Nothing but grey. Red on the grey.

That's right, the fight is over.

I sink down next to her. The lullaby hums on in the background, it's so familiar I feel it singing through my veins. If this is death, it's more peaceful than I could've asked for. It's better than what the Whitecoats will give me if they ever manage to scrape me off the dome floor.

I cough, more blood painting the walls of my throat. Blood gushes in sheets to the floor, drenching anything in its path. Elle leans against me, warm, her curls springing in every direction. I smooth them down and wrap my arm around her. Infinity passes, Elle taking up the hum of the lullaby somewhere between then and now.

"I'll tell you the words next time," she says, stepping back.

"Next time?" The directionless grey begins to tilt on an imaginary axis as if I'm falling in slow motion. Blood loss makes everything fuzzy, and it's starting to get difficult to breathe for an entirely different reason than the lake of blood sitting outside my body instead of inside it. Still, I try to blink away the dizziness. My little sister is right beside me, I can't collapse.

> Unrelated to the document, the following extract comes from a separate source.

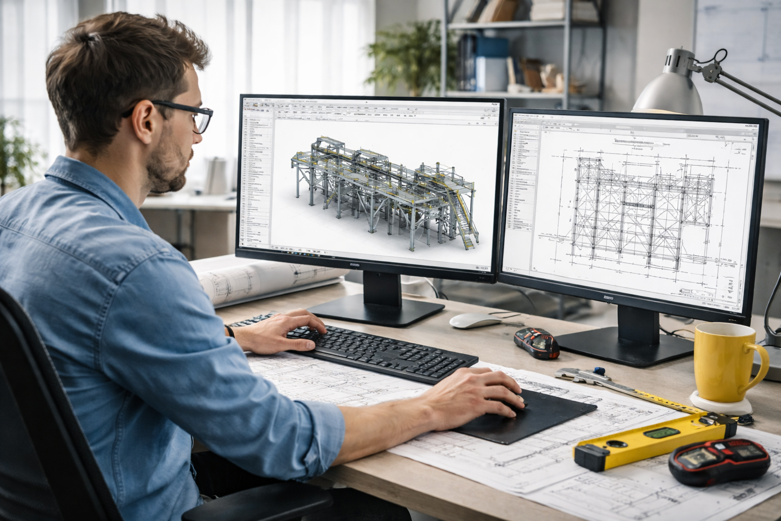 Dankzij mijn ervaring in zowel industriële als kleinschalige projecten kan ik vlot schakelen tussen conceptfase, detailontwerp en productietekeningen.

"You can't die yet. You have to fight." Fierceness permeates her words, she sounds determined enough for both of us. But my heart sinks at the mention of fighting. I'm too tired for that. I don't want to spend another day fighting, I don't want to break any more bones, I don't want to hurt anyone else.

"No," I say. The falling sensation doubles, stretching us apart. The space between us bubbles out, swelling with grey. I reach for her. She takes my hand, but blood makes my skin slick. "Elle, when I fight I hurt people. I don't want to do that anymore."

It echoes. I hurt people, I hurt people, I hurt.

"You never hurt me." The lullaby stops, and in the heaviness that follows, she throws her arms around me, pulling me into a hug so tight it's almost violent. Blood soaks us both, but she ignores it, clinging to me. I hug her back until grey static blinds me. Numbness blocks out all but the pressure of Elle's hug and the warmth seeping from her to me. A part of me wishes the lullaby was still playing. A different part of me wonders if it is and I just can't hear it anymore.

"I'll see you later. Te amo, Hendrix."